A prototype example has been tested and hardware and firmware operate as expected. PCBs have now been ordered to fully integrate the design. The design has been implemented on a 50x48mm 4 layer board.
Files
Resolver_CAN_I2C.PDF
Project schematics
Adobe Portable Document Format -
1.97 MB -
01/03/2022 at 15:57
A 10kHz sine wave is generated using the PSOC DAC component and filtered
The filtered output is fed into a LM4950TS audio amplifier IC configured as BTL to provide up to 20V pk-pk
A trim pot is provided to set the output voltage. Pads are provided to replace this with SM resistors once the correct values have been determined
The positive wave of the sin, cos and drive feedback are sampled by the PSOC at the correct time to account for any phase delay in the low pass filter and amplifier.
The firmware chooses which input is on the steeper part of the curve (for better accuracy) and calculates the angle quickly using a LUT.

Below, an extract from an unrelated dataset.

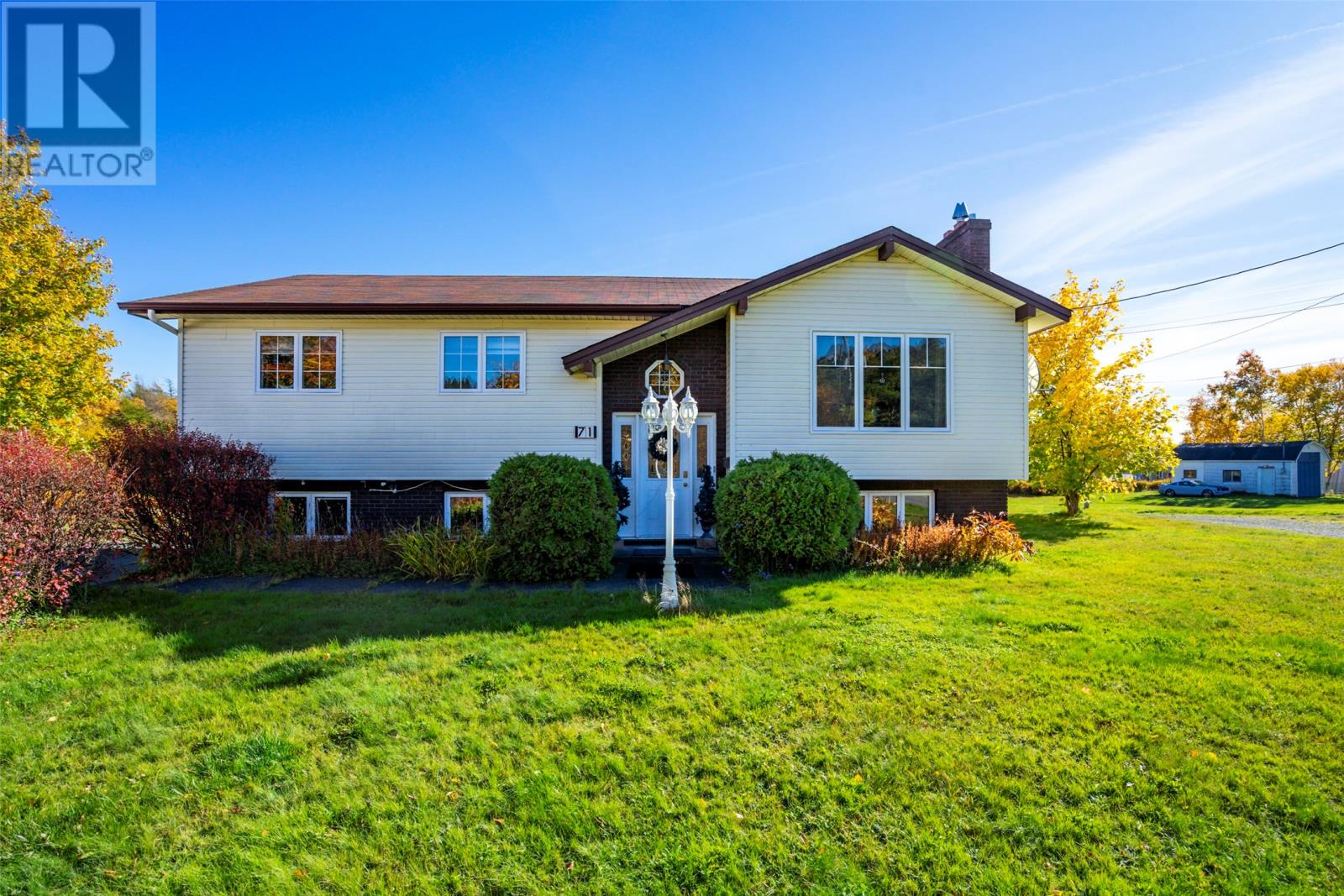 Welcome to 71 - 75 Country Road, Bay Roberts. Centrally located just a short walking distance from all amenities in Bay Roberts, this property features a partially landscaped 0.48-acre lot that has potential to be subdivided, 20' x 32' garage, paved driveway, mini split heat pump system, electric heat, town services and large back deck. The interior of the home has a custom oak kitchen with appliances included, bright dining room and large living room with hardwood floor and propane fireplace. Completing the main floor is three, ample - sized bedrooms and a three - piece main bathroom. The fully developed basement has a large rec room with wood stove, den, laundry room, three - piece bathroom and a storage room. (id:4069)

The angle multiplied buy 10 is placed into the I2C emulated EEPROM buffer after every stop condition detected on the I2C bus.
The angle is a 15 bit unsigned int followed by an odd parity bit
The firmware has various monitoring functions via a USB serial port as well as an automatic calibration routine to determine the resolver primary to secondary ratio for the best accuracy as well as the phase delay of the amplifier.